3.6. As a result of his own initiative inquiry, the Ombudsman made a draft recommendation to the institution on 8 March 1999. He considered that, in its future competitions, the Commission should give candidates in written examinations access to their own marked examination scripts upon request. He also prepared a special report that has been sent to the European Parliament on 18 October 1999.
By letter of 13 December 1999, the President of the European Commission accepted the recommendations made by the Ombudsman in his report and informed him that all the necessary legal and organisational arrangements would be proposed in order to give candidates access to their own marked examination papers, upon request, from 1 July 2000.
Specific points raised by the Parliament in the present case
3.7. The European Parliament claims that it follows from the judgement of the Court of Justice in case C-254/95(4) that it could not grant the complainant access to his marked examination papers without infringing its obligation to maintain the secrecy of the proceedings of the Selection Board, in accordance with Article 6 of Annex III to the Staff Regulation. In that case, the Court had to rule on the question whether the communication of the marks obtained in the various tests constituted an adequate statement of the reasons on which the Selection Board's decision was based. The Court answered this question in the affirmative, pointing out that the obligation to state reasons had to be reconciled with observance of the secrecy of the proceedings of selection boards. The Court concluded that observance of this secrecy therefore precluded both disclosure of the attitudes adopted by individual members of selection boards and disclosure of any factors relating to individual or comparative assessments of candidates(5).
3.8 The Ombudsman notes that the said judgment of the Court is concerned with the administration's duty to give reasons for its decisions. However, the Ombudsman' s view that failure to grant a candidate access to his or her marked examination papers constitutes maladministration is based not on the duty to give reasons but on the obligation to take decisions as openly as possible which, as the Treaty of Amsterdam has confirmed, represents one of the fundamental principles of the administrative law of the European Communities. The European Parliament's reliance on the judgment of the Court of Justice in the Innamorati case is therefore mistaken.
The Ombudsman considers that the Parliament's refusal to give the complaint the possibility to have a copy of his own marked examination papers, constitutes thisefore an instance of maladministration. Given that in view of the position adopted by the Parliament it does not appear possible to achieve a friendly solution, the Ombudsman considers it appropriate to make the following draft recommendation, in accordance with Article 3 (6) of his Statute:
The Parliament shall allow the complainant to have access to his own marked examination papers.

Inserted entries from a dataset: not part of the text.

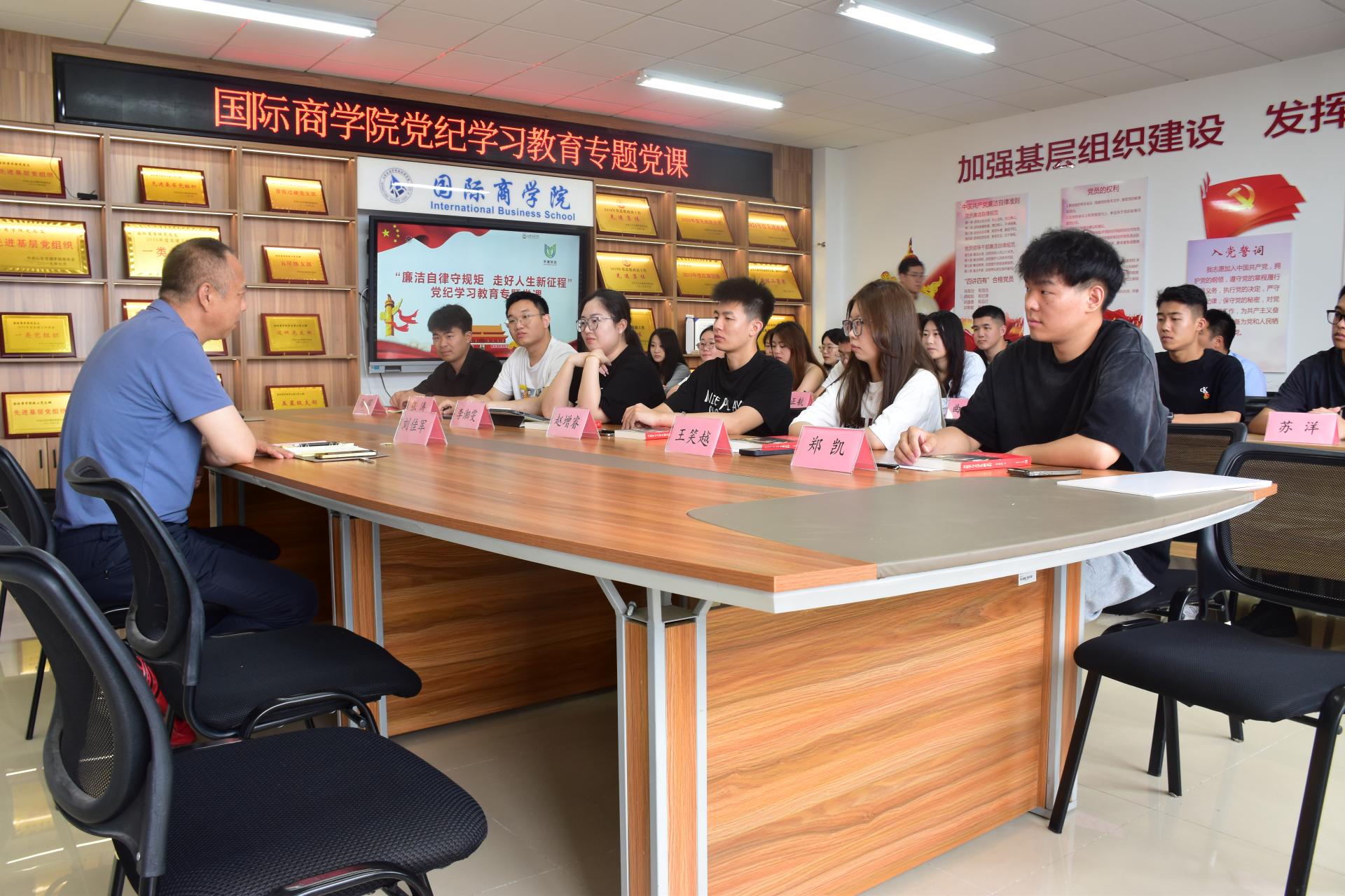 国际商学院党委书记刘佳军为全体毕业生党员讲授纪律党课。他以“廉洁自律守规矩 走好人生新征程”为题,结合历史典故和警示案例,深入浅出地阐述了廉洁自律的重要性。他指出,作为新时代青年党员,要时刻保持清醒的头脑,自觉遵守党的纪律规矩,在未来的工作和生活中坚定理想信念,为实现中华民族伟大复兴的中国梦贡献青年力量。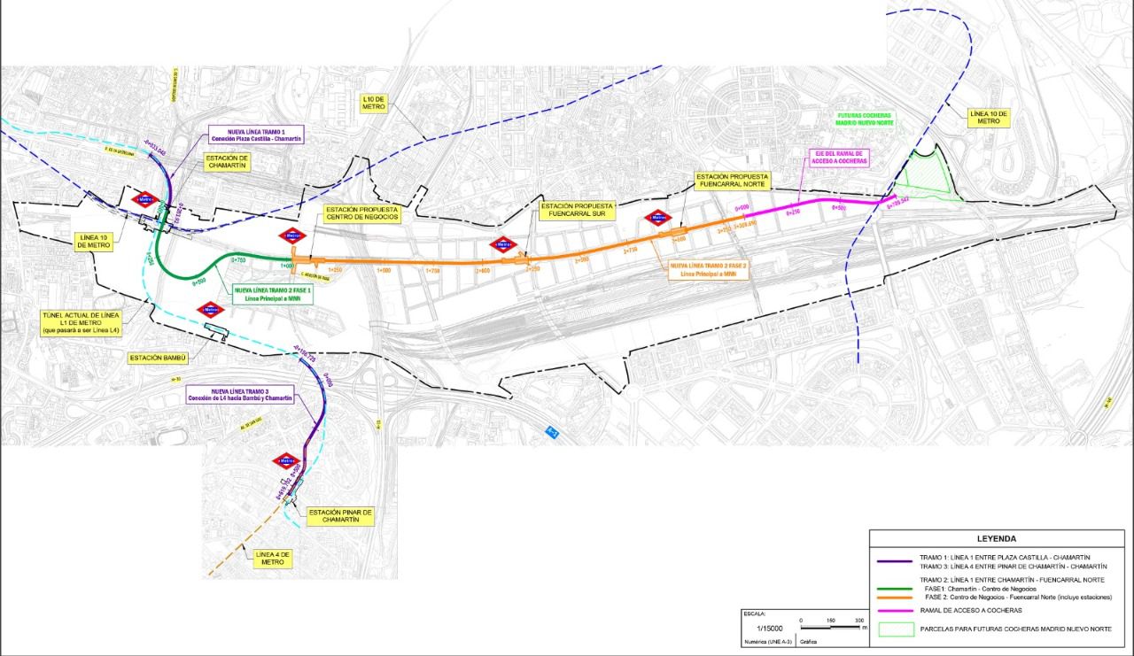 Por su parte, la quinta se plantea como una prolongación de la L1 hacia el norte, donde el tramo Pinar de Chamartín-Bambú-Chamartín de la actual Línea 1 pasaría a formar parte de la L4. En este sentido, el nuevo trazado partiría desde la intersección del Paseo de la Castellana y la calle Sinesio Delgado. En todos los casos, se incluye un ramal de enlace con las futuras cocheras, que ya se encuentran en fase de licitación para la redacción del proyecto, y que darán servicio a esta zona de la capital.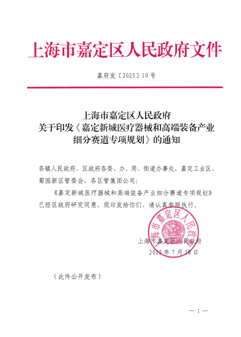 ??《嘉定新城醫(yī)療器械和高端裝備產(chǎn)業(yè)細(xì)分賽道專項(xiàng)規(guī)劃》已經(jīng)區(qū)政府研究同意,現(xiàn)印發(fā)給你們,請(qǐng)認(rèn)真參照?qǐng)?zhí)行。

In accordance with Article 3 (6) of the Statute of the Ombudsman, the European Parliament shall send a detailed opinion by 31 October 2000. The detailed opinion could consist of acceptance of the Ombudsman's decision and a description of the measures taken to implement the recommendation.
The complainant will be informed of this draft recommendation.
Strasbourg, 27 July 2000
Jacob SÖDERMAN

(1) Decision 94/262 of 9 March 1994 of the European Parliament on the Regulations and General Conditions Governing the Performance of the Ombudsman's Duties, OJ 1994 L 113/5.

(2) Case C - 254/95 P Angelo Innamorati v European Parliament, [1996] ECR I - 3423.

(3)Case 89/79 Bonu v Council [1980] ECR 553, par. 5.

(4) European Parliament v Angelo Innamorati [1996] ECR I - 3423.

(5) Paragraph 24 of the judgment.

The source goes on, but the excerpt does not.